Sometimes Tensilica and ARM dot go head-to-head. “There is overlap but I don’t think it’s that much.” said Wawrzyniak of Semico. “They should be more worried about ARC,” he said, referring to the processor core company that is now part of Synopsys. It sold 1 billion processor cores last year, he added.
“Tensilica and ARC are direct competitors,” said a Synopsys spokeswoman. “They’re both configurable--for example, you can add application-specific arithmetic functions that make them perfect for audio processing, which we have done for our audio IP sub-system,” she said.
Tensilica is no newcomer. It claims to have sold 2 billion cores to date to more than 200 licensees. It had estimated 2012 revenues of $44 million, thanks to growth of about 35 percent over the past two years, especially in licensing. That puts it about on par with Ceva, which has more royalty revenues than Tensilica, Rowan said.
The core vendor claims it is in seven of the top 12 smartphones. One of its big design wins is in a noise cancellation chip designed by Audience and used in the Apple iPhone 4S and some Samsung phones, said Will Strauss, principal of market watcher Forward Concepts (Tempe, Ariz.).
Tensilica also is used in LTE chips from Fujitsu, Intel as well as in Huawei’s new Ascend P2 smartphone, Strauss added. The deal also gives Cadence IP for network infrastructure, automotive and consumer electronics, creating “a new market thrust for Cadence, which is not known for aggressive IP licensing of MCU or DSP cores,” said Strauss.
ARM is interested in similar markets with its M0 cores and Neon DSP extensions. Neon doesn’t provide the MIPS per Watt of Tensilica’s cores, said Rowen.
Tan downplayed the ARM-Tensilica competition. More than one of the startups he funds through his Walden International venture capital group use both Tensilica and ARM in the same product, each core a good fit for a different purpose, he said.
“They work well together,” said Tan. “You don’t have to compete because the market is growing fast enough,” he said.
Tan said he briefed ARM on his plans with Tensilica. He convinced an ARM exec to provide a quote blessing the merger in a Cadence press release. “I think they appreciated our candidness,” Tan said.
Indeed, Tan hopes to create a win/win scenario. IP cores can help the EDA sector grow in ways that enable the systems business to expand as well, he said.

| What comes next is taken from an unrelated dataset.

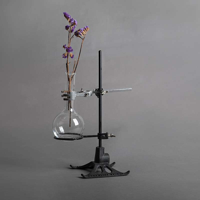 工业风铸铁金属实验室花架烧瓶型花器玻璃花瓶摆件装饰手冲咖啡架

It would interesting to know, how does Cadence plan to license or sell the IP (Tensilica cores, Cosmic Circuits)? SoC design houses will be using these IP's in various applications with a variety of flow & EDA tools. It may be a tough sell to lump the IP with the Cadence tools. On the other hand Cadence services sell was tool agnostic. Comments from EDA & Design community ?
Interesting. Didnt know synopsys was the 2nd largest IP provider. No wonder cadence is going around shopping IP companies.
"They should be more worried about ARC,” he said, referring to the processor core company that is now part of Synopsys. It sold 1 billion processor cores last year,"
Surprised to see ARC is selling 1B cores per year. Not sure why dont we hear about ARC more often like ARM.